Challenges and the Future of Minority and Indigenous Rights Protection Conference, University of Stirling, 5-7 March 2025
This global conference of 60+ academic experts on minority and indigenous rights reflected on the rights of indigenous peoples and ethnic, religious and linguistic minorities, and the need to fundamentally rethink and recommit to their protection.
Since the adoption of the Universal Declaration of Human Rights in 1948, a number of international legal instruments have been established with the objective of protecting the rights of minorities and indigenous peoples.
Notable instruments include the International Covenant on Civil and Political Rights and the International Covenant on Economic, Social and Cultural Rights, considered the foundation of many other related treaties and declarations which have followed them.
Relevant treaties and declarations have also been established at the regional and national levels.

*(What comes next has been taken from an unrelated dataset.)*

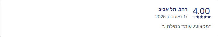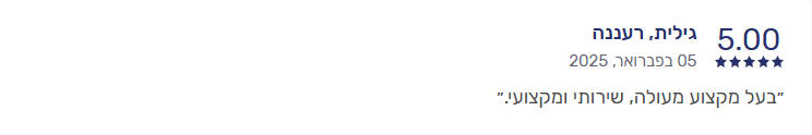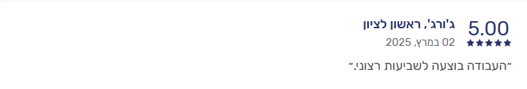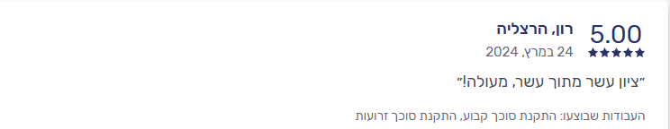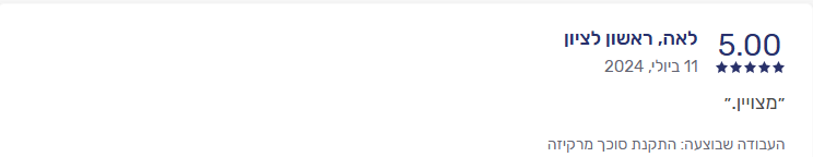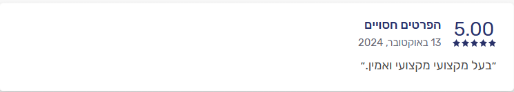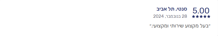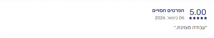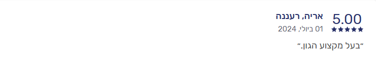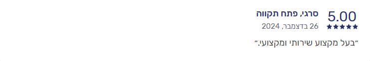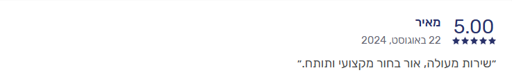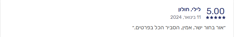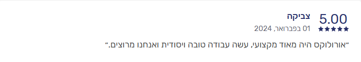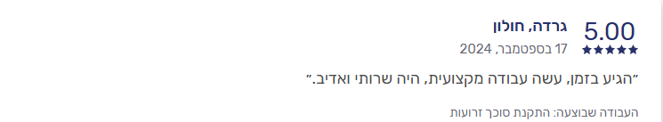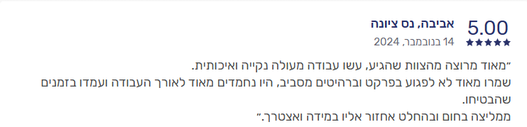 מְעוּלֶה מבוסס על 10 ביקורות פורסם ב- gilad roeslerTrustindex מוודא שהמקור המקורי של הסקירה הוא Google. התקין אצלי סוכך זרועות. שירות טוב וסבלני. מחיר הוגן. ממליץ מאודפורסם ב- noga rogelTrustindex מוודא שהמקור המקורי של הסקירה הוא Google. פורסם ב- יוסי אלוןTrustindex מוודא שהמקור המקורי של הסקירה הוא Google. השירות של אור היה די מהיר, נתן לי הצעת מחיר ולמחרת הגיע להתקין. השירות היה מקצועי, נתן לי אחריות ל-3 שנים. אני ממליץ בחוםפורסם ב- Lital RozoanskiTrustindex מוודא שהמקור המקורי של הסקירה הוא Google. אור נתן שירות מקצועי, אמין ויעיל! התקין סוכך מרקיזה בבית הוריי, מחיר טוב וברמת איכות הכי גבוהה שיש, אפילו הגיע פעם נוספת להסביר לנו איך לפתוח את הפרגולה והיה מאוד סבלני. תודה רבה!פורסם ב- Meir YechieliTrustindex מוודא שהמקור המקורי של הסקירה הוא Google. קיבלנו מאור שירות מעולה והעבודה הייתה מדויקתפורסם ב- Ilan IlaniTrustindex מוודא שהמקור המקורי של הסקירה הוא Google. איש מקצוע מעולה והגון.פורסם ב- Roni KimhiTrustindex מוודא שהמקור המקורי של הסקירה הוא Google. אור מקצועי, אמין וזמין לכל אורך הדרך! קיבלנו שירות ברמה הגבוהה ביותר – החל מהמוצר, דרך הזמנים ועד להתקנה שהייתה מקצועית עם צוות מצוין. תודה רבה על הליווי והשירות!פורסם ב- עדי רוט - אסףTrustindex מוודא שהמקור המקורי של הסקירה הוא Google. אור הגיע, חשב איתי על הצרכים והפתרונות. התאים את מועד ההתקנה לזמן שמתאים לי. לא יכל להגיע במועד שנקבע להתקנה, עדכן, הציע פיצוי כספי מיוזמתו בשל הביטול ותאם עימי מועד התקנה חדש סמוך למועד הקודם. להתקנה הגיע עם חשמלאי והיא בוצעה, לשביעות רצוני, תוך זכירת הדברים שסיכמנו והיוועצות היכן שצריך. התוצר נעים מאוד. תודה לאורפורסם ב- שובל גוהריאןTrustindex מוודא שהמקור המקורי של הסקירה הוא Google. הזמנתי את אור להתקנה בבית הוריי בחולון. שירות אמין ומהיר והיה גמיש במחיר תודהפורסם ב- Silya STrustindex מוודא שהמקור המקורי של הסקירה הוא Google. מאומת על ידי Trustindexתעודת האימות של Trustindex היא סמל האמון האוניברסלי. רק החברות הטובות ביותר יכולות לקבל את התעודה המאומתת עם דירוג מעל 4.5, בהתבסס על ביקורות לקוחות במהלך 12 החודשים האחרונים. קרא עוד

They incorporate international principles while also taking into account the specific needs of the minority and indigenous populations within the regions for which they are intended to provide protection.
This conference provided an opportunity to assess the contributions and challenges that these various instruments and other forms of solutions have brought to bear on minority and indigenous communities, which they are designed to protect and provide redress for.
Clare MacGillivray, Member of IACD International Committee and Director of Scottish NGO Making Rights Real, attended along with members of the Nacken (Scottish Gypsy Traveller Community) who presented about Gypsy Travellers' campaign for an apology for the 'Tinker Experiments'. Clare provided information to global delegates on IACD, and the use of a rights based approach to community development, promoting the recent Practice Insights Human Rights edition, which features two examples of Scottish practice.